= Falsifying business records =

Criminal activity

Falsifying business records is a criminal offense in the laws of several U.S. states.

==New York State==
===Elements and punishment===
Under New York State law, falsifying business records in the second degree is a class A misdemeanor, while falsifying business records in the first degree is a class E felony.

The elements for the misdemeanor second-degree crime are:

A person is guilty of falsifying business records in the second degree when, with intent to defraud, he:

1. makes or causes a false entry in the business records of an enterprise; or
2. alters, erases, obliterates, deletes, removes or destroys a true entry in the business records of an enterprise; or
3. omits to make a true entry in the business records of an enterprise in violation of a duty to do so which he knows to be imposed upon him or her by law or by the nature of his or her position; or
4. prevents the making of a true entry or causes the omission thereof in the business records of an enterprise."

Intent is an element of the offense; under New York law, the defendant's "intent" is his or her "conscious objective or purpose." The law does not require prosecutors to show that the defendant intended to cause a pecuniary or commercial loss (i.e., depriving a victim of money or property).

The crime becomes one of the first degree, and a felony, when an individual

commits the crime of falsifying business records in the second degree, and when his or her intent to defraud includes an intent to commit another crime or to aid or conceal the commission thereof."

Under New York law, "in any prosecution for falsifying business records, it is an affirmative defense that the defendant was a clerk, bookkeeper or other employee who, without personal benefit, merely executed the orders of his or her employer or of a superior officer or employee generally authorized to direct his or her activities."

====Prosecutions====
The offense of falsifying business records is commonly prosecuted in New York, and it is a frequent part of white-collar crime prosecutions brought by district attorneys' offices. For example, the Manhattan district attorney's office, from January 2022 through April 2023, brought 117 felony counts of falsifying business records against 29 defendants (some individuals and others companies).
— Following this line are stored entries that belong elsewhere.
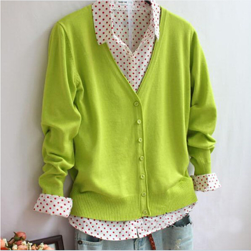 > Damen Bekleidung > Pullover > neue kamen Damen Kleidung Süssigkeiten Farbe Pullover gestrickt Strickjacke Lang Ärmelige Pullover Damen Strickjacke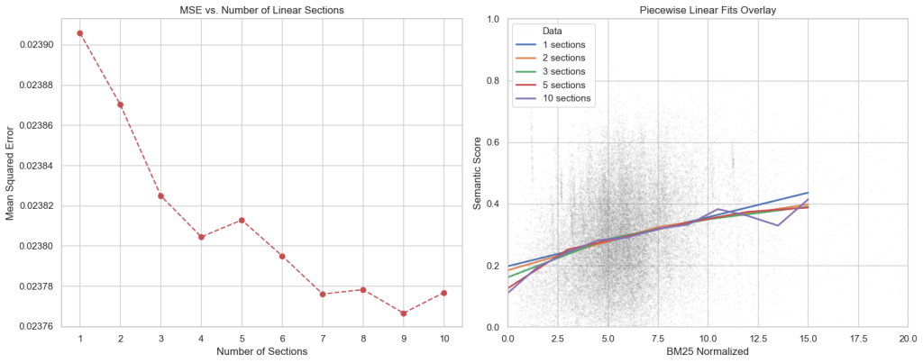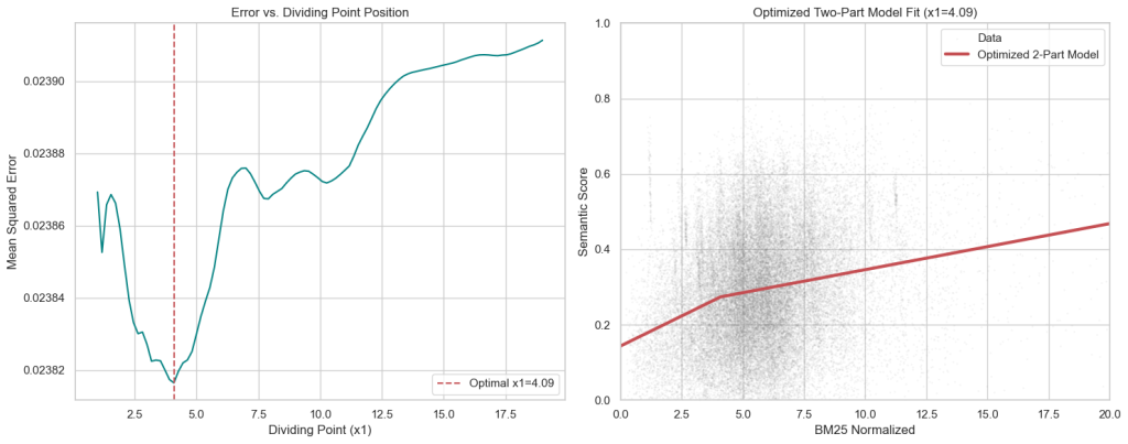 You can see that they’re on completely different scales. I decided to normalize the BM25 scores to the same range as the semantic scores and try to minimize the means squared error in the process.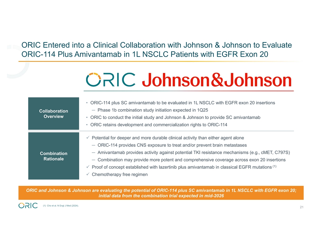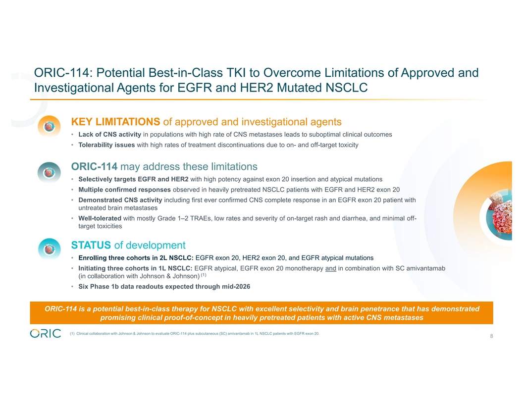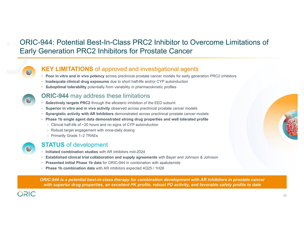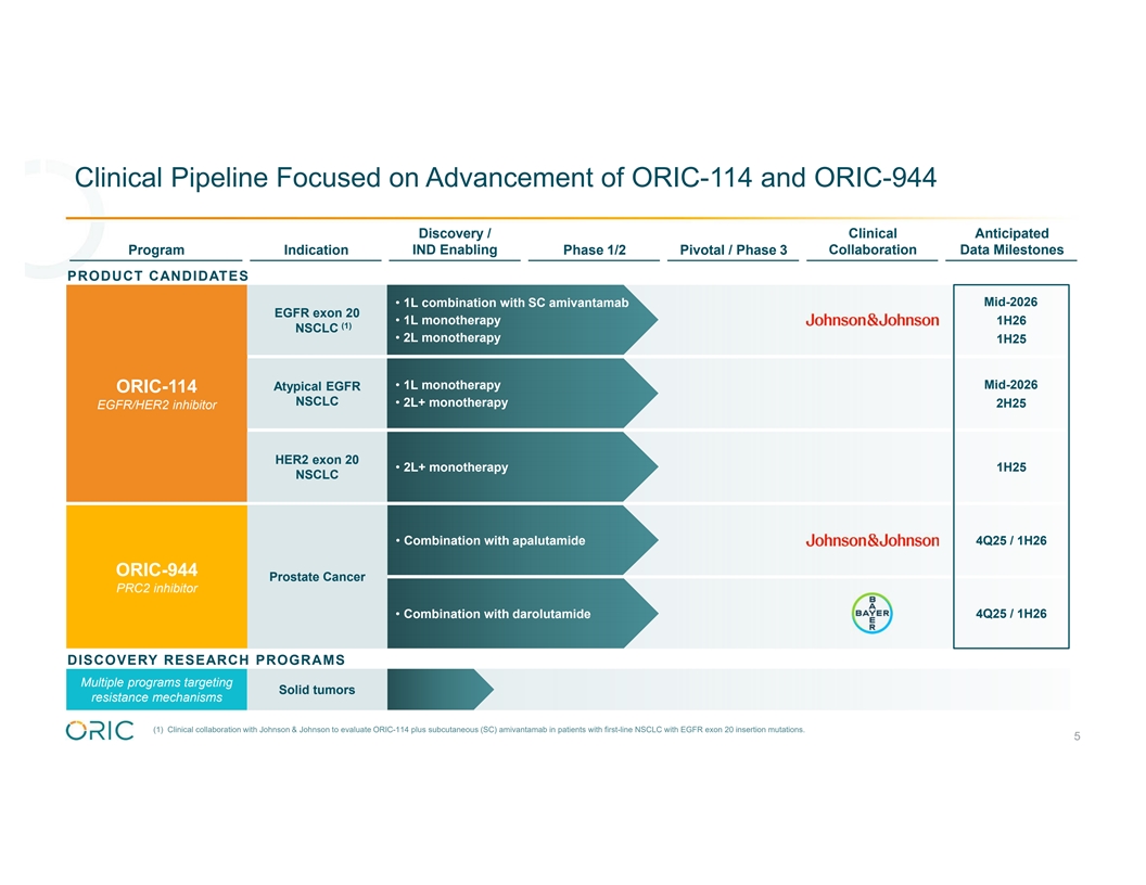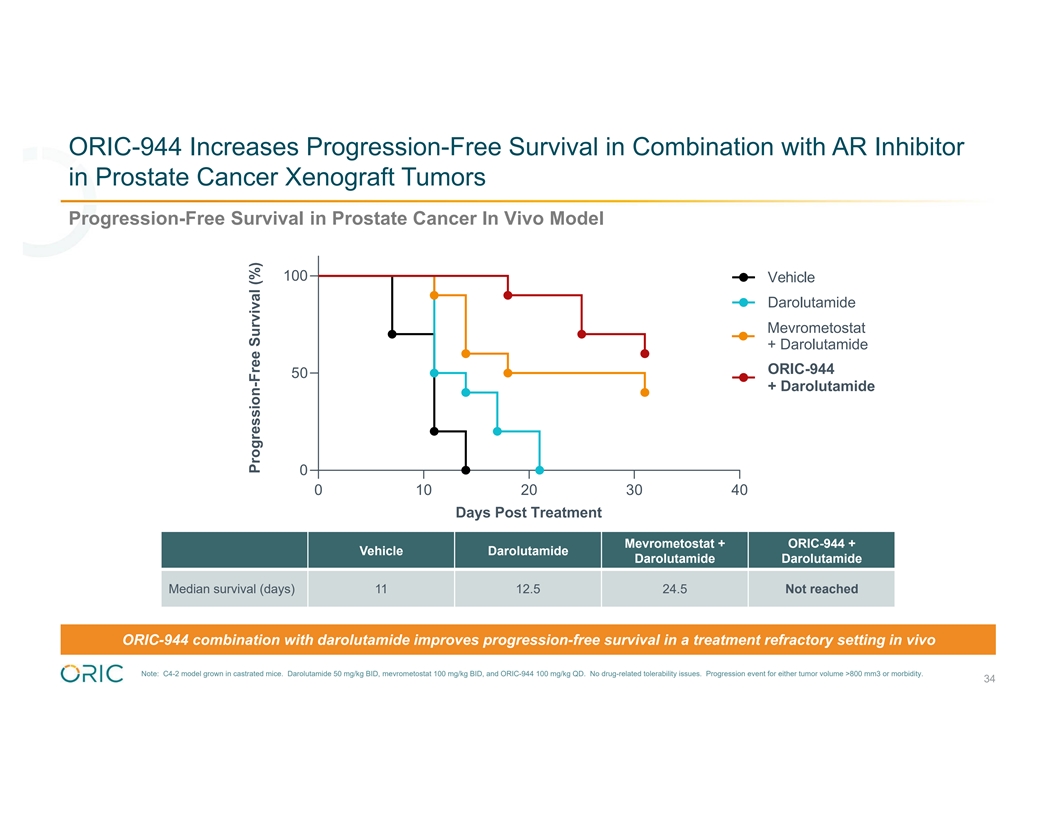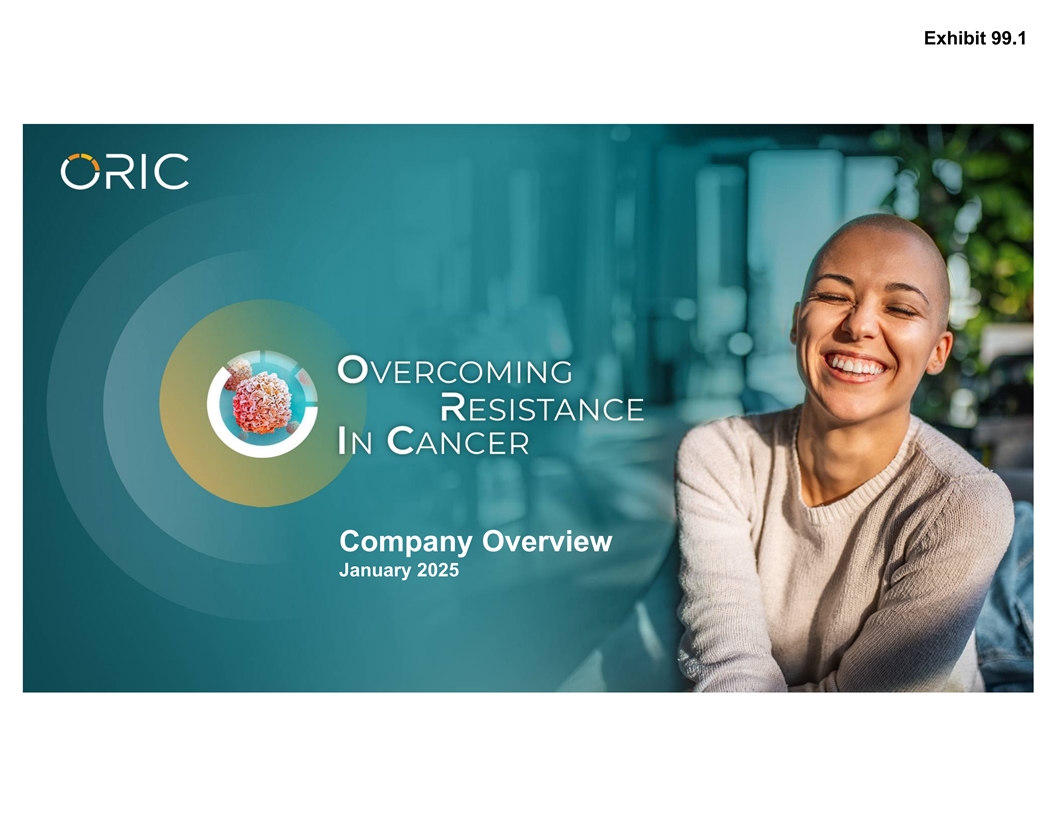 Forward-Looking Statements This presentation contains forward-looking statements that involve substantial risks and uncertainties. All statements other than statements of historical facts contained in this presentation, including statements regarding ORIC Pharmaceuticals, Inc.’s (“ORIC”, “we”, “us” or “our”) future financial condition, results of operations, business strategy and plans, and objectives of management for future operations, as well as statements regarding industry trends, are forward-looking statements. In some cases, you can identify forward-looking statements by terminology such as “anticipate,” “believe,” “continue,” “could,” “estimate,” “expect,” “intend,” “may,” “plan,” “potentially,” “predict,” “should,” “will” or the negative of these terms or other similar expressions. Forward-looking statements contained in this presentation also include, but are not limited to, statements regarding: our development plans and timelines; the potential advantages of our product candidates and programs; plans for the clinical trials and development of ORIC-114 and ORIC-944; ORIC-114 and ORIC-944 clinical outcomes, which may materially changes as patient enrollment continues or more patient data becomes available; the expected timing of reporting data from our clinical trials; our anticipated milestones and clinical updates; and the period over which we estimate our existing cash and investments will be sufficient to fund our current operating plan. We have based these forward-looking statements largely on our current expectations and projections about future events and trends that we believe may affect our financial condition, results of operations, business strategy and financial needs. These forward-looking statements are subject to a number of risks, uncertainties and assumptions, including, among other things: the timing of the initiation, progress and results of our preclinical studies and clinical trials; risks associated with the process of discovering, developing and commercializing drugs that are safe and effective for use in humans and operating as an early clinical stage company; negative impacts of health emergencies, economic instability or international conflicts on our operations, including clinical trials; the potential for current or future clinical trials of product candidates to differ from preclinical, initial, interim, preliminary or expected results; our ability to advance product candidates into, and successfully complete, clinical trials; the timing or likelihood of regulatory filings and approvals; changes in our plans to develop and commercialize our product candidates; our estimates of the number of patients who suffer from the diseases we are targeting and the number of patients that may enroll in our clinical trials; the commercializing of our product candidates, if approved; our ability to successfully manufacture and supply our product candidates for clinical trials and for commercial use, if approved; potential benefits and costs of strategic arrangements, licensing and/or collaborations; the risk of the occurrence of any event, change or other circumstance that could give rise to the termination of our license or collaboration agreements; our estimates regarding expenses, future revenue, capital requirements and needs for financing and our ability to obtain capital; the sufficiency of our existing cash and investments to fund our future operating expenses and capital expenditure requirements; our ability to retain the continued service of our key personnel and to identify, hire and retain additional qualified professionals; the implementation of our business model and strategic plans for our business and product candidates; the scope of protection we are able to establish and maintain for intellectual property rights, product candidates and our pipeline; our ability to contract with third-party contract research organizations, suppliers and manufacturers and their ability to perform adequately; the pricing, coverage and reimbursement of our product candidates, if approved; developments relating to our competitors and our industry, including competing product candidates and therapies; regulatory developments in the United States and foreign countries; general economic and market conditions; and the other risks, uncertainties and assumptions discussed in the public filings we have made and will make with the Securities and Exchange Commission (“SEC”). These risks are not exhaustive. New risk factors emerge from time to time and it is not possible for our management to predict all risk factors, nor can we assess the impact of all factors on our business or the extent to which any factor, or combination of factors, may cause actual results to differ materially from those contained in, or implied by, any forward-looking statements. You should not rely upon forward-looking statements as predictions of future events. Although we believe that the expectations reflected in the forward-looking statements are reasonable, we cannot guarantee future results, levels of activity, performance or achievements. This presentation also contains estimates and other statistical data made by independent parties and by us relating to market size and other data about our industry. This data involves a number of assumptions and limitations, and you are cautioned not to give undue weight to such data and estimates. In addition, projections, assumptions and estimates of our future performance and the future performance of the markets in which we operate are necessarily subject to a high degree of uncertainty and risk. Except as required by law, we undertake no obligation to update any statements in this presentation for any reason after the date of this presentation. We have filed Current Reports on Form 8-K, Quarterly Reports on Form 10-Q, Annual Reports on Form 10-K, and other documents with the SEC. You 
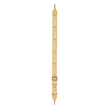 Loewe Ladies Bag Accessories. SKU: C073T87X01.6715. Barcode: 8445555455998. Color: Sahara. Loewe Anagram Strap In Jacquard And Calfskin - Sahara. Crafted from calfskin and jacquard, this piece features a LOEWE pattern on one side and an Anagram pattern on the reverse. It is designed with hook fastenings, a detachable and adjustable strap, and is finished with an embossed Anagram. 4cm wide, 65cm-100cm long. Main material : Jacquard/Calf Leather. Made in Spain.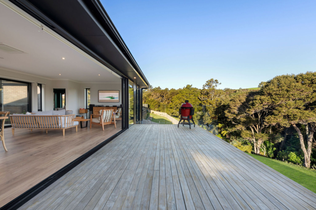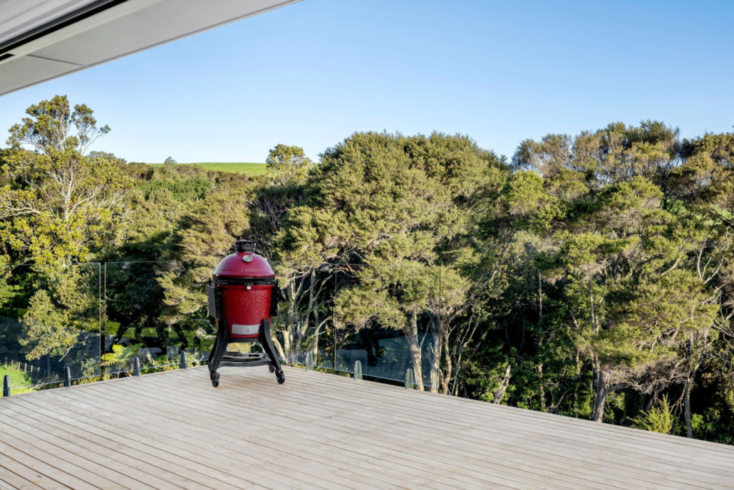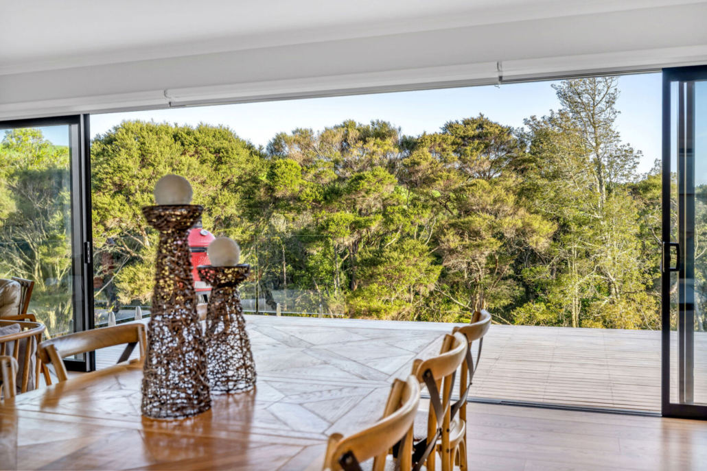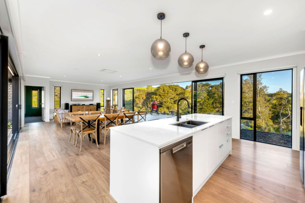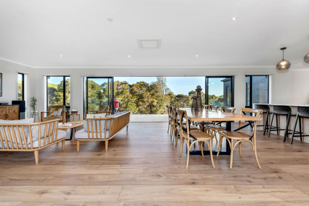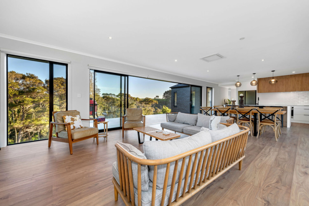 With four bedrooms and two bathrooms, including a master suite with ensuite and walk-in wardrobe, the layout is designed for both ease and practicality. The open-plan kitchen, dining, and living space unfolds effortlessly, with sliding doors on both sides that create an easy connection to the outdoors. Step out to either a private concrete patio or expansive decking that frames tranquil views of native bush and farmland.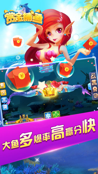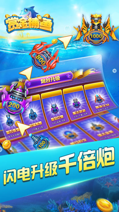 《赏金捕鱼》震撼登场,彻底刷新您对捕鱼游戏的认识! 大鱼多!爆率高!赢分快! 诚信安全!完全杜绝骗分情况! 闪电升级炮倍!一天内升级到千倍炮! 爽快感满点!完全还原街机捕鱼体验! 游戏特色 采用真3D技术,画面更为精致细腻,相信捕鱼游戏的达人们都能在游戏中找到街机玩法的经典回忆! 小鱼钻石爆率超高,大鱼和BOSS更好杀,获取钻石升级炮台,人人都可升至10000倍炮! 击杀彩金鱼累计可摇奖,多种福利玩的爽,高倍率出金币,享受皇室至尊捕鱼乐趣!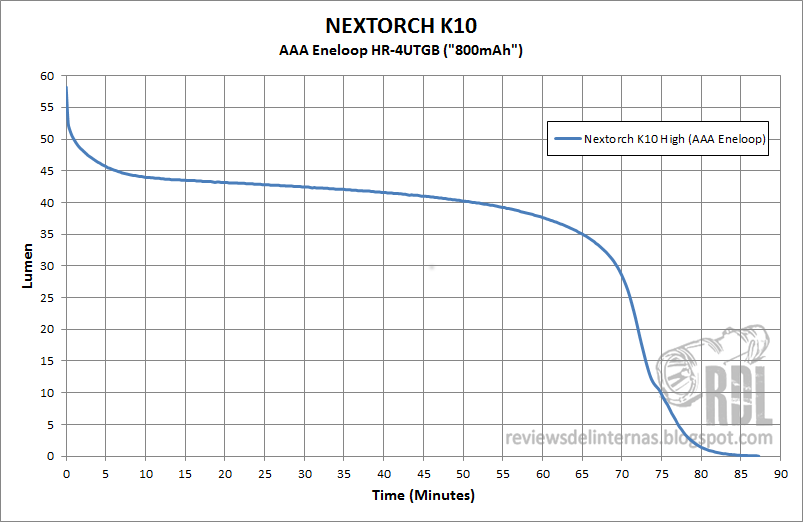Tras el habitual test de runtime en esfera integradora, con recargables obtengo un nada despreciable runtime de 70 minutos más o menos regulados, con unos 15 minutos extra en los que la linterna entra en una fase de caída progresiva antes de apagarse completamente. Recordad que las especificaciones a las que el fabricante hace mención incluyen otros tipos de baterías y también las tan aclamadas condiciones de laboratorio. Con una alcalina es posible superar los 100 minutos hasta que la salida caiga por debajo del 10%, a costa de tener una curva seguramente más prolongada.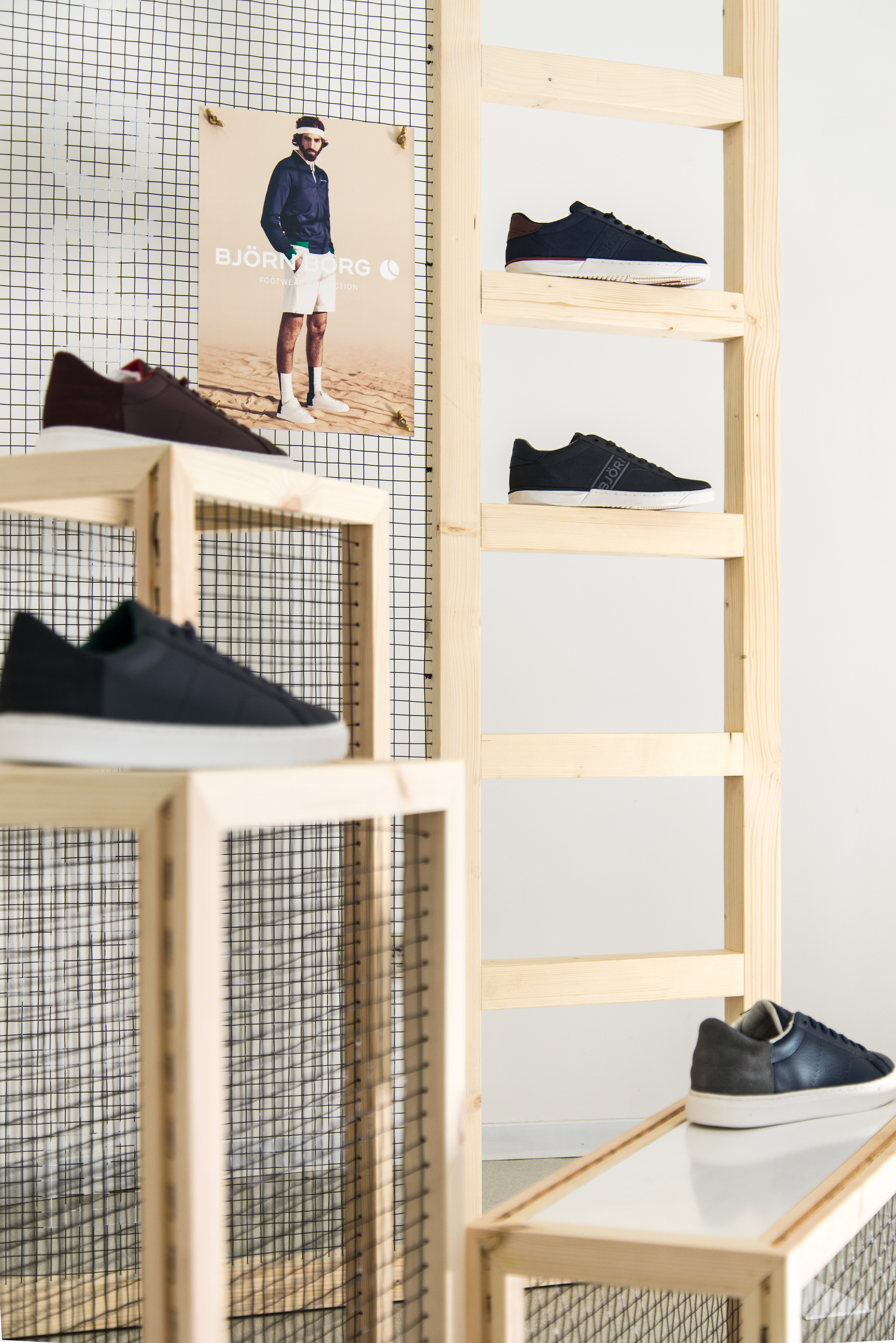 Way before being the brand name on many underwear waistbands and sporty footwear, Bjorn Borg was a world number 1 tennis player who skyrocketed tennis’ popularity during the 1970s. Inspired by this Swedish sports icon’s history we started building a footwear display for the brand’s pop-up stores and added features from authentic wooden tennis rackets used by Borg back in the day.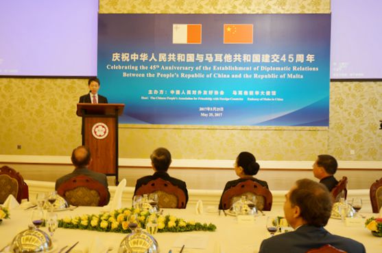 Vice President Hu Sishe said in his speech that the past 45 years has witnessed steady development of China-Malta relations with fruitful cooperation in all fields. Exchanges and cooperation between the two countries in all sectors has not only enhanced mutual understanding and friendship between their people, but also enriched exchanges and mutual learning between eastern and western civilizations. The CPAFFC is willing to take the 45th anniversary of China-Malta diplomatic ties as an opportunity to work with Malta, on the basis of mutual respect, equality and mutual benefit, further strengthen practical cooperation in all fields, and promote the bilateral relations to a new height.

It is sometimes prosecuted in conjunction with separate crimes, such as petit or grand larceny, offering a false instrument, money laundering, or insurance fraud. The crime occurs in different factual contexts: for example, defendants have been prosecuted for falsifying business records as part of a scheme to steal from a company; as part of scheme to fail to report income (and thus evade taxes); for creating or filing fraudulent certificates of liability insurance as part of a wider fraud scheme; or for creating false applications for benefits.

In People v. Smithtown General Hospital (1978), an orthopedic surgeon, a nurse, and a hospital were indicted for allegedly allowing a prosthetic-devices salesman to "participate in a meaningful way" with a total hip arthroplasty, without the surgery patient's consent or knowledge. They were charged with first-degree falsifying business records, the charge being that they "omitted to make true entries in required reports in order to conceal the crimes of unauthorized practice of medicine and assault." The court rejected the defendants' motion to dismiss the indictment. The case is cited in medical and nursing ethics texts discussing criminal liability for certain omissions in medical records.

====Notable cases====
Notable people convicted in New York of falsifying business records include:
- L. Dennis Kozlowski, the former chief executive and chairman of Tyco International, convicted in 2005 on 22 counts, including grand larceny, conspiracy, falsifying business records and securities fraud;
- Clarence Norman Jr., a former New York assemblyman and powerful chair of the Brooklyn Democratic organization, convicted in 2005 on three felony counts of soliciting illegal campaign contributions during a primary, and one misdemeanor count of falsifying business records of the contributions;
- Steven Croman, a New York City slumlord who in 2017 pleaded guilty to grand larceny, falsifying business records and tax fraud as part of a mortgage and tax scheme;
- Donald Trump, convicted in 2024 of 34 counts of falsifying business records, in connection with a hush money payment to pornographic film actress Stormy Daniels, becoming the first U.S. president to be convicted of a felony.

==Other states==
Falsifying business records is also a crime in other states, such as Alabama, Alaska, California, Delaware, Hawaii, Kentucky, and Oregon. In Maine, a similar crime is called falsifying private records.